PauseRegisterInfo( ) is an API for temporarily suspending the use of related information. PauseRegisterInfo( ) takes userId, an integer type, as an argument. The user ID of a user whose use of related information will be suspended is set for userId.

ResumeRegisterInfo( ) is an API for resuming the use of related information. ResumeRegisterInfo( ) takes userId, an integer type, as an argument. The user ID of a user whose use of related information will be resumed is set for userId.

ExportRegisterInfo( ) is an API for exporting related information. ExportRegisterInfo( ) takes userId, an integer type, as an argument. Therefore, related information of the user indicated by userId is exported by ExportRegisterInfo( ).

ImportRegisterInfo( ) is an API for importing related information accumulated in the storage section 28 of the client 11 or the storage section 63 of the server 12. ImportRegisterInfo( ) takes recogInfo, a structure type, as an argument. Related information to be imported is set for recogInfo.

ExportRegisterInfo( ) and ImportRegisterInfo( ) allow for use of past related information of the user and use of related information of other user.

The server 12 receives a request from the client 11 to perform voice recognition in step S51 of FIG. 14 which will be described later.

In step S3, the client 11 accepts voice input. For example, the presentation control section 42 prompts the user to input a voice by controlling the display section 23 or the presentation section 24. Then, the voice recognition control section 41 acquires voice data representing the input voice input to the voice input section 21 by the user and sends the voice data to the server 12 via the communication section 26.

The server 12 receives the voice data and performs voice recognition on the basis of voice data in step S52 of FIG. 4 which will be described later and sends a recognition result to the client 11 in step S53.
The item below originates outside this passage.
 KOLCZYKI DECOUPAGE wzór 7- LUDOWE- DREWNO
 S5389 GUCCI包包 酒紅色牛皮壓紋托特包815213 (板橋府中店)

In step S4, the voice recognition control section 41 receives the recognition result via the communication section 26.

FIG. 6 illustrates an example of OnFinalRecognitionResult( ), an API for returning a voice recognition result from the server 12 to the client 11. OnFinalRecognitionResult( ) is called, for example, as a callback function by the voice recognition section 71 of the server 12.

OnFinalRecognitionResult( ) takes, resultText, a character string type, recogInfo, a structure type, and recommendedBehaviour, an integer type, as arguments.
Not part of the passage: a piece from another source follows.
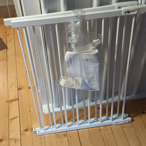Fin og sikker babygrind til baby. Solid og smart sammenleggbar. Her kan poden kose seg i tygge omgivelser.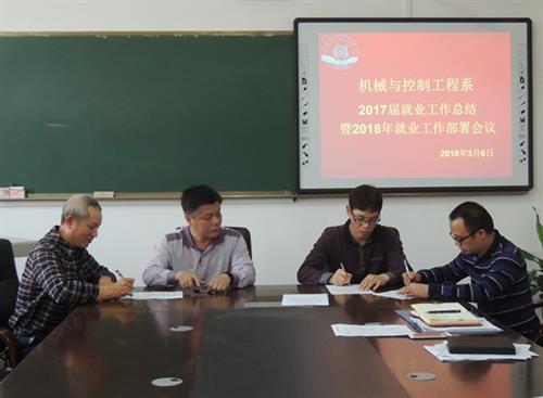 签订《机械与控制工程系2018届毕业生就业工作目标管理责任状》

Text data representing the voice recognition result is set for resultText. It should be noted that, for example, it may be possible to set, for resultText, a plurality of phrase candidates acquired as the recognition result and reliability for each of the candidates.

Related information used for voice recognition is set for recogInfo.

A constant representing a recommended next action of the client 11 is set for recommendedBehaviour. For example, a constant such as REGISTER_PRE_SENTENCE, REGISTER_POST_SENTENCE, RESISTER_IGNORE_LIST, USE_OTHER_METHOD, or REGISTER_DEVICE_TYPE is set for recommendedBehaviour. REGISTER_PRE_SENTENCE is set for the case where the registration of a preceding phrase previous to a recognition target phrase is recommended. REGISTER_POST_SENTENCE is set for the case where the registration of a succeeding phrase following the recognition target phrase is recommended. RESISTER_IGNORE_LIST is set for the case where the registration of an exclusion list is recommended. USE_OTHER_METHOD is set for the case where the use of other input method is recommended. REGISTER_DEVICE_TYPE is set for the case where the registration of the type of the client 11 is recommended.

It should be noted that it may be possible to set, for recommendedBehaviour, a constant that combines a plurality of actions so that the plurality of actions can be recommended all at once.

For example, the voice recognition control section 41 receives the recognition result from the server 12 via resultText, recogInfo, and recommendedBehaviour, the arguments of OnFinalRecognitionResult( ).

In step S5, the display section 23 presents the recognition result under control of the presentation control section 42.

FIG. 7 illustrates an example of a recognition result presentation method. More specifically, FIG. 7 illustrates an example of a recognition result presentation method when “I sue a person with a red shirt,” a recognition result (recognized sentence), is acquired in the case where the user inputs a voice saying “I see a person with a red shirt.”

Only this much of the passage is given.